From: Martin J. Duerst <mduerst@ifi.unizh.ch>
Date: Mon, 16 Dec 1996 15:37:06 +0100 (MET)
To: Chris Lilley <Chris.Lilley@sophia.inria.fr>
cc: Klaus Weide <kweide@tezcat.com>, www-international@w3.org
Message-ID: <Pine.SUN.3.95.961216151909.242F-100000@enoshima>

On Mon, 16 Dec 1996, Chris Lilley wrote:

> On Dec 15,  1:49pm, Klaus Weide wrote:
> 
> > On Fri, 13 Dec 1996, Martin J. Duerst wrote:
> 
> > > Then let's make this file (and a little bit of code to
> > > extract the desired warning) available to implementors,
> 
> good so far
> 
> > > and let's ask them to just send the strings out as is,
> >       ^^^^^^^^^^^^^^^^^^^^^^^^^^^^^^^^^^^^^^^
> > > and just silently ignore the antiquated ISO-8859-1 default
> >       ^^^^^^^^^^^^^^^^^^^^
> > > for warnings, and silently change that to UTF-8.
> >                     ^^^^^^^^^^^^^^^^^^^^^^^^^^^^^
> 
> Is it possible for any Unicode character, when converted to
> UTF-8, to contain a byte which is 0D or 0A? I suspect, looking at
> the UTF-8 algorithm, that this is the case. How then should a
> compliant HTTP/1.1 implementation tell when the HTTP reason code is
> finished, if it can contain bytes that look like CR and LF?

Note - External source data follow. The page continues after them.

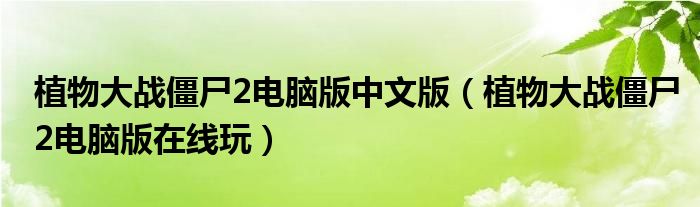 植物大战僵尸2电脑版中文版,植物大战僵尸2电脑版在线玩很多人还不知道,乐乐来为大家解答以上问题,现在让我们一起来看看吧!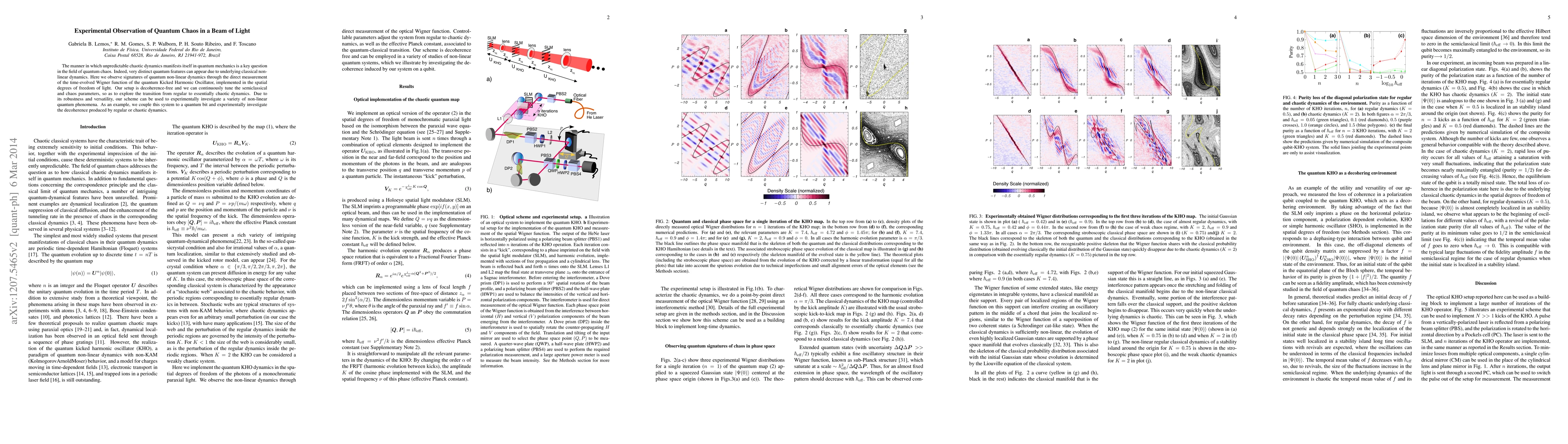 This paper reports the experimental observation of quantum chaos in a light beam, demonstrating the time-evolved Wigner function of the quantum-kicked harmonic oscillator. The study explores the transition from regular to chaotic dynamics and investigates the decoherence effects produced by these dynamics when coupled with a quantum bit.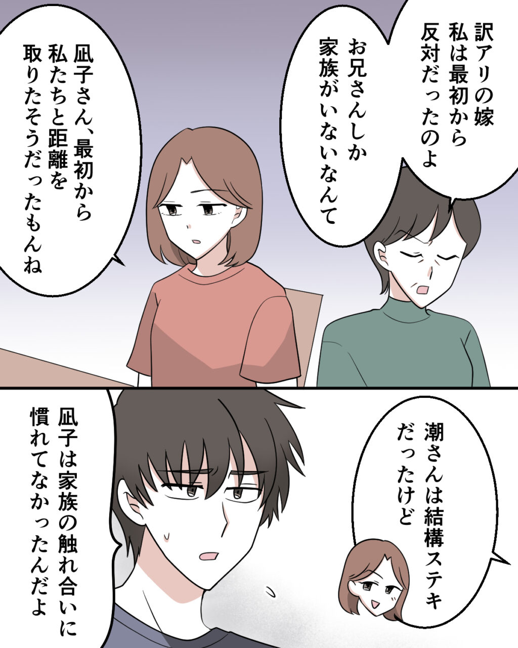 母さんと祐子は「訳アリの嫁、私は最初から反対だったのよ。お兄さんしか家族がいないなんて」「凪子さん、最初から私たちと距離を取りたそうだったもんね。潮さんは結構ステキだったけど」とやはり凪子が気に入らない様子。俺は「凪子は家族の触れ合いに慣れてなかったんだよ」と弁明しましたが、
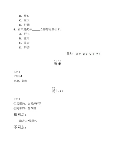 B.肝心 C.重大 D.肝臓 4.君の選択が______な影響を及ぼす。 A.肝心 B.重用 C.重大 D.肝要 かん たん 簡 単 【名】 【形动】 简单,简易 やさ 易しい 【形】 ①易懂的,容易理解的 ②简单的,易做的 相同点: 均表示“简单”。 不同点: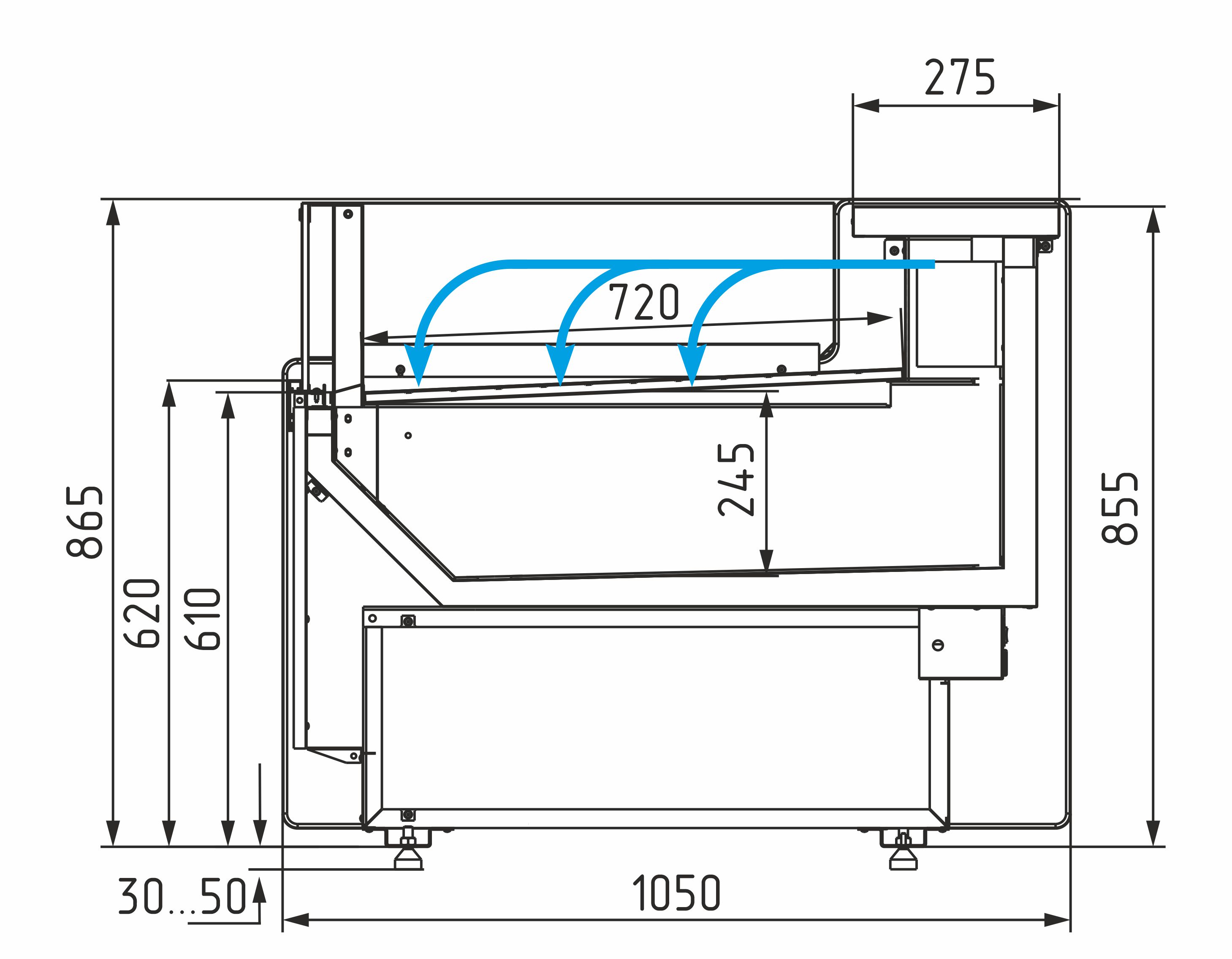 Фиксируемое фронтальное стекло — открывается вручную и фиксируется для удобной выкладки и обслуживания.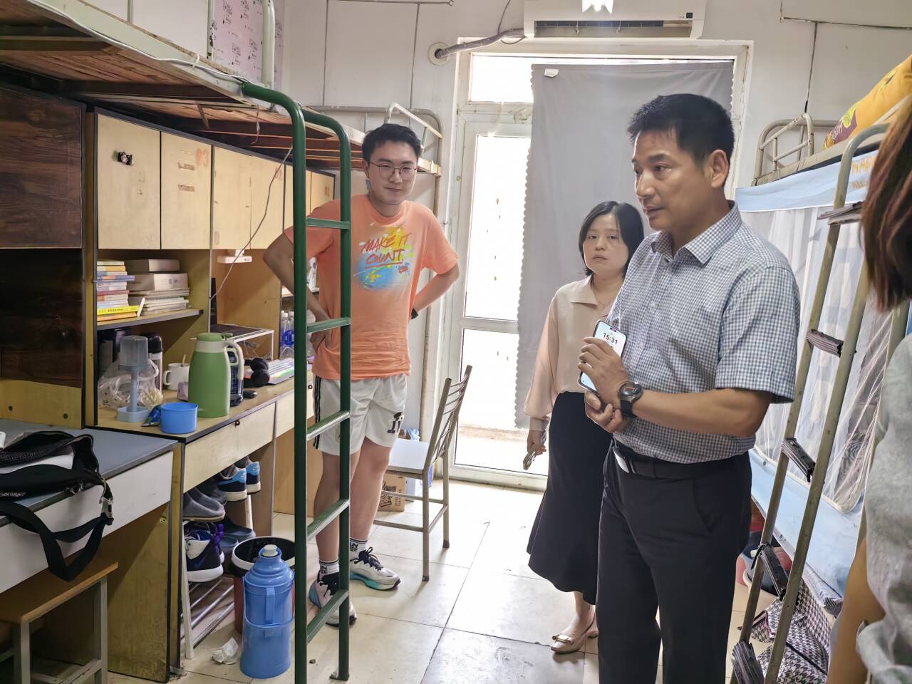 為督促學生養(yǎng)成良好的衛(wèi)生習慣,鞏固經(jīng)管學院宿舍安全衛(wèi)生“百日行動”實施成效,5月26日下午,院黨委副書記夏丹青陪同學生處副處長陶龍澤前往香怡社區(qū),檢查香怡4棟經(jīng)管男生宿舍衛(wèi)生情況。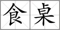 宋 邵伯温 《易学辨惑》:“ 伊川 同 朱公掞 访先君,先君留之饮酒,因以论道。 伊川 指向前食卓曰:‘此卓安在地上不还馆?’” 沙汀 《丁跛公》:“乡约十分气闷地离开了食桌,在一张圈椅上坐下。” 杨朔 《潼关之夜》:“他的脚步又轻又快,走向小饭馆里独一无二的食桌前,坐在我的对面。”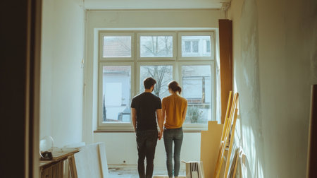 Couple exploring potential home renovation in empty room with large windows
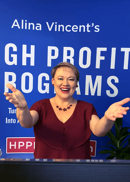 Alina Vincent is a business strategist and the creator of the Money Making Program Blueprint program and the 5-Day Challenge Launch Formula, which helped her grow her business from zero to over a million dollars in the first 4 years.

Chris (and everybody who might have had any doubts or concerns
about this): UTF-8 leaves all octet values between 00 and 7F
untouched. Any ASCII character or C0 control character, converted
to UTF-8, looks exactly the same as before. And whatever exotic
character you take from ISO 10646, there is never any chance
that some of the octets that represent it in UTF-8 may
be mistaken for C0 or ASCII, even if your UTF-8 parser gets
hopelessly out of sync. If we had such basic problems, I would
never have dared to suggest UTF-8 in the first place.

> > If you think that
> > part of it is really unacceptable, you should try to take that up with
> > the http-wg
> 
> Yes, there is always room for a compelling and well argued case. However,
> is this really the number one i18N issue? Response codes are for human
> debugging; it is probably more important to ensure that multilingual
> content can be delivered, multilingual response codes are really just
> icing.

I agree that it's not the number one i18n issue. That's probably why
it has not received serious attention.
On the other hand, I think that for i18n, we have to stop to
let bad or antiquated design go by without being concerned.
Also, the http warnings might be the first place where anything
except 7-bit is allowed *officially* in internet application protocol
headers. Having such a lopsided spec as "ISO-8859-1 or RFC1522",
at a place that is just made for UTF-8 (and for which UTF-8 was
made), creates a very bad precedent. Accepting the argument that
ISO-8859-1 was used for "consistency" also creates a very bad precedent.

Overall, I think that if it is a small issue, there should not
be much resistance getting it right. There seems to be virtually
no installed base, and the current discussion has not shown
any good arguments for ISO-8859-1. The main issues seem to be
procedural concerns, on which I am open to any reasonable
solution whatsoever (be it a last-minute change to the RFC
on request of the wg, a separate RFC, a mutual understanding,
or whatever).

Regards,	Martin.

Received on Monday, 16 December 1996 09:37:38 UTC